* WORK REQUIRED: In the records below, find the line with "Snimak je napravljen" and repeat exactly every line from it through the line with "To trap heat". Pictures stay out.
*** MATERIAL SUPPLIED ***
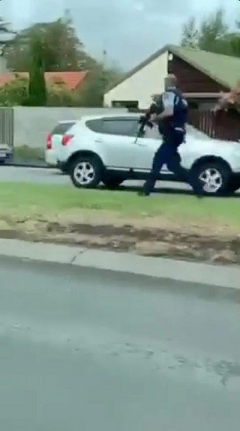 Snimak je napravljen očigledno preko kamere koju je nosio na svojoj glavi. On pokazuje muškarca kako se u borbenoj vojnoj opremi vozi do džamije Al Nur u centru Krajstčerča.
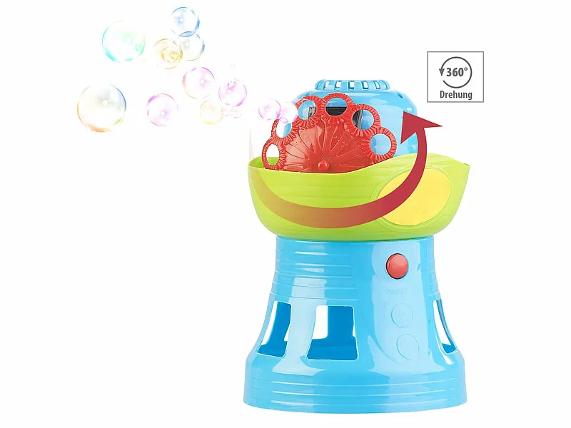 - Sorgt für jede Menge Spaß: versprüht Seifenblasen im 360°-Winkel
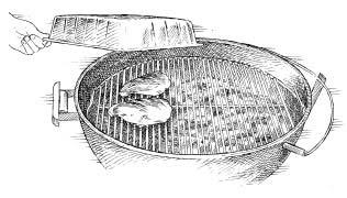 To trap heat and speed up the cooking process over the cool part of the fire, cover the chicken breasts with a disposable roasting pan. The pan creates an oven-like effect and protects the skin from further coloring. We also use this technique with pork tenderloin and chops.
***
*** MATERIAL SUPPLIED ***
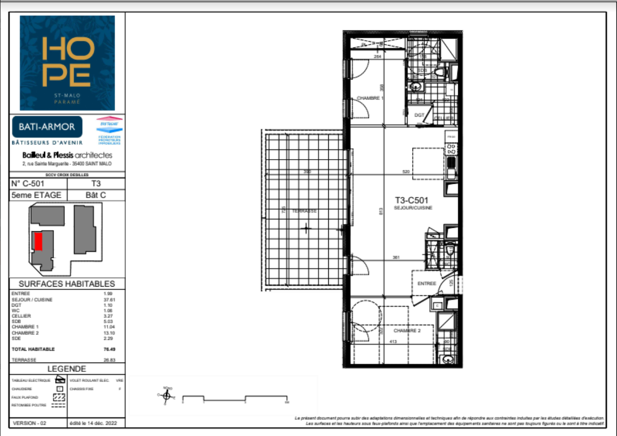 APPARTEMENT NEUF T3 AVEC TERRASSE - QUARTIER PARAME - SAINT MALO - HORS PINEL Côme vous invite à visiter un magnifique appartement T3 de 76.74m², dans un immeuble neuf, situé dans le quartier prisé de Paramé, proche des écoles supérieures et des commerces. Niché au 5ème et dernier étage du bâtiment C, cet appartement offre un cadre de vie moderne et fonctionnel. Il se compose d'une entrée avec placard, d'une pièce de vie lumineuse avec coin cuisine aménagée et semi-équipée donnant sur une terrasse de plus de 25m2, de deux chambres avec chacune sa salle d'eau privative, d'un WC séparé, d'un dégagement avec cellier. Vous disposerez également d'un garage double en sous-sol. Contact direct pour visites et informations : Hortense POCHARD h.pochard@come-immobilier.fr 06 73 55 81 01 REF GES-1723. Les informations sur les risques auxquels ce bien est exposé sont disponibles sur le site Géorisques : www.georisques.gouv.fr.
***
*** MATERIAL SUPPLIED ***
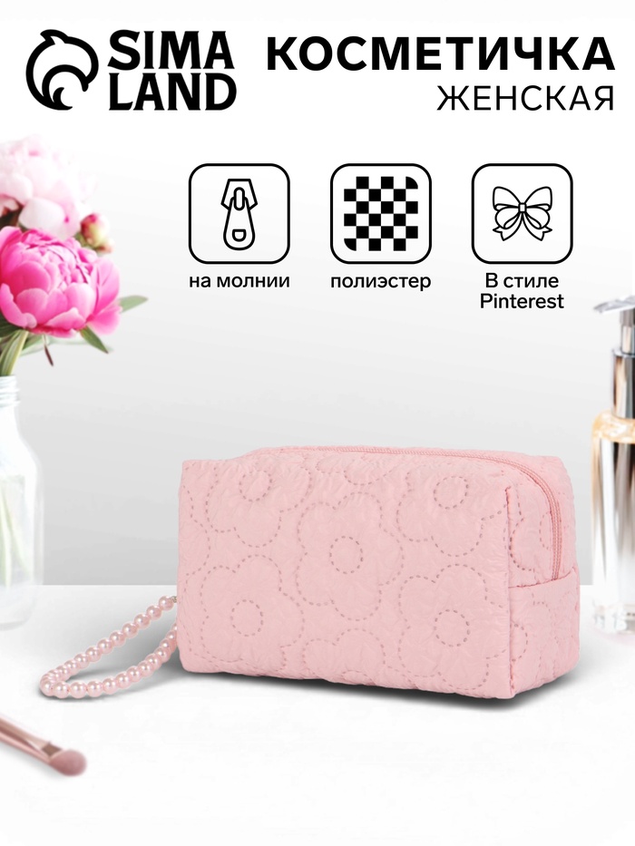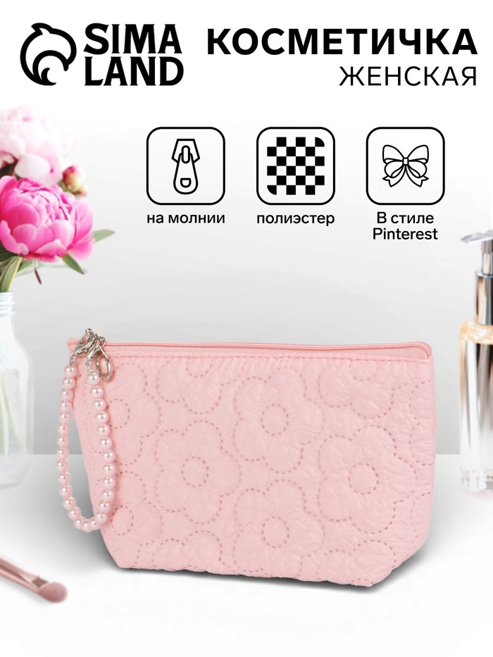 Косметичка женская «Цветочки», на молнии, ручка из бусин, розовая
***
* YOUR RESPONSE:
 Snimak je napravljen očigledno preko kamere koju je nosio na svojoj glavi. On pokazuje muškarca kako se u borbenoj vojnoj opremi vozi do džamije Al Nur u centru Krajstčerča.
 - Sorgt für jede Menge Spaß: versprüht Seifenblasen im 360°-Winkel
 To trap heat and speed up the cooking process over the cool part of the fire, cover the chicken breasts with a disposable roasting pan. The pan creates an oven-like effect and protects the skin from further coloring. We also use this technique with pork tenderloin and chops.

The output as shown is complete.